The Routledge Handbook of Civil and Uncivil Society in Southeast Asia explores the nature and implications of civil society across the region, engaging systematically with both theoretical approaches and empirical nuance for a systematic, comparative, and informative approach. The handbook actively analyses the varying definitions of civil society, critiquing the inconsistent scrutiny of this sphere over time. It brings forth the need to reconsider civil society development in today’s Southeast Asia, including activist organisations' and platforms' composition, claims, resources, and potential to effect sociopolitical change. Structured in five parts, the volume includes chapters written by an international set of experts analysing topics relating to civil society: Spaces and platforms Place within politics Resources and tactics Identity formation and claims Advocacy The handbook highlights the importance of civil society as a domain for political engagement outside the state and parties, across Southeast Asia, as well as the prevalence and weight of 'uncivil' dimensions. It offers a well-informed and comprehensive analysis of the topic and is an indispensable reference work for students and researchers in the fields of Asian Studies, Asian Politics, Southeast Asian Politics and Comparative Politics. The Open Access version of this book, available at www.taylorfrancis.com, has been made available under a Creative Commons Attribution-Non Commercial-No Derivatives (CC-BY-NC-ND) 4.0 license.

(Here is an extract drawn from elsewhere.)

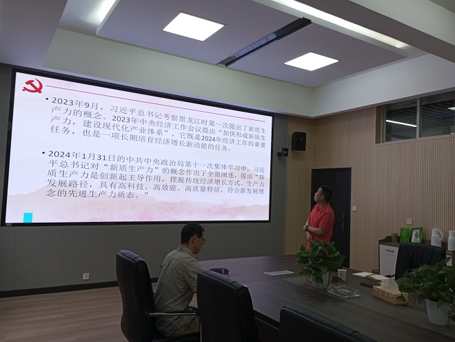 黄坚副院长领学《加快发展新质生产力和加快构建现代产业体系》,他从何为新质生产力、2024年政府工作报告关于新质生产力关键词、如何为发展新质生产力蓄势赋能等三个方面进行解读。他重点讲述科学认识新质生产力的基本内涵、准确把握新质生产力的主要特征、以战略性新兴产业和未来产业为载体,形成高效能的生产力。

Funded by The Research Foundation for State University of New York, USA and The Stockholm Center for Global Asia, Sweden.
How can we explain policy preference mismatch between voters and their representatives?
“The Palgrave Handbook of Political Norms in Southeast Asia offers a fresh and insightful analysis of the dynamics of political change ongoing in the region. The collection brings together a set of highly expert authors from inside and outside the region, who offer a deep understanding of the region’s history and politics, providing a stimulating and colourful take on the region’s contemporary political movements. The Handbook will be invaluable to both longstanding observers of the region and to newcomers seeking to understand both the diversity and complexity of Southeast Asian politics, and its regional distinctiveness.” —Professor Caroline Hughes, University of Notre Dame, U.S.A “A sophisticated and compelling argument about how to conceive and explain political norms and dynamics. Insights from various social sciences expose complex power relationships involving competing interests promoting norms within, across, and in articulation with, Southeast Asia. Conflicts and contradictions are thus brought out of shadows and into light, posing a formidable theoretical challenge to influential orthodoxies. An outstanding collection.” —Emeritus Professor Garry Rodan, Murdoch University, Australia This open access handbook aims to constitute a reference point on political norm dynamics in Southeast Asia, by bringing together the array of normative repertoires that frame the possibilities for citizens to participate in, set agendas for, make decisions in, and contest, not only electoral and institutional politics but also informal and imaginary political spaces. It sheds light on intersecting political and social transformations and their consequences from the vantage point of political norms. While chapters lay out and analyse how political norms across Southeast Asia have been shaped in successive historical phases, the core of the handbook addresses current dynamics involved in defining and transforming political norms. Gabriel Facal is Deputy Director of the Research Institute on Contemporary Southeast Asia (IRASEC), Bangkok, Thailand. Elsa Lafaye de Micheaux is Professor in Political Economy at the Institut National des Langues et Civilisations Orientales (INALCO), Paris, France. Astrid Norén-Nilsson is a Senior Lecturer in the Study of Contemporary Southeast Asia at the Centre for East and South-East Asian Studies, Lund University, Sweden.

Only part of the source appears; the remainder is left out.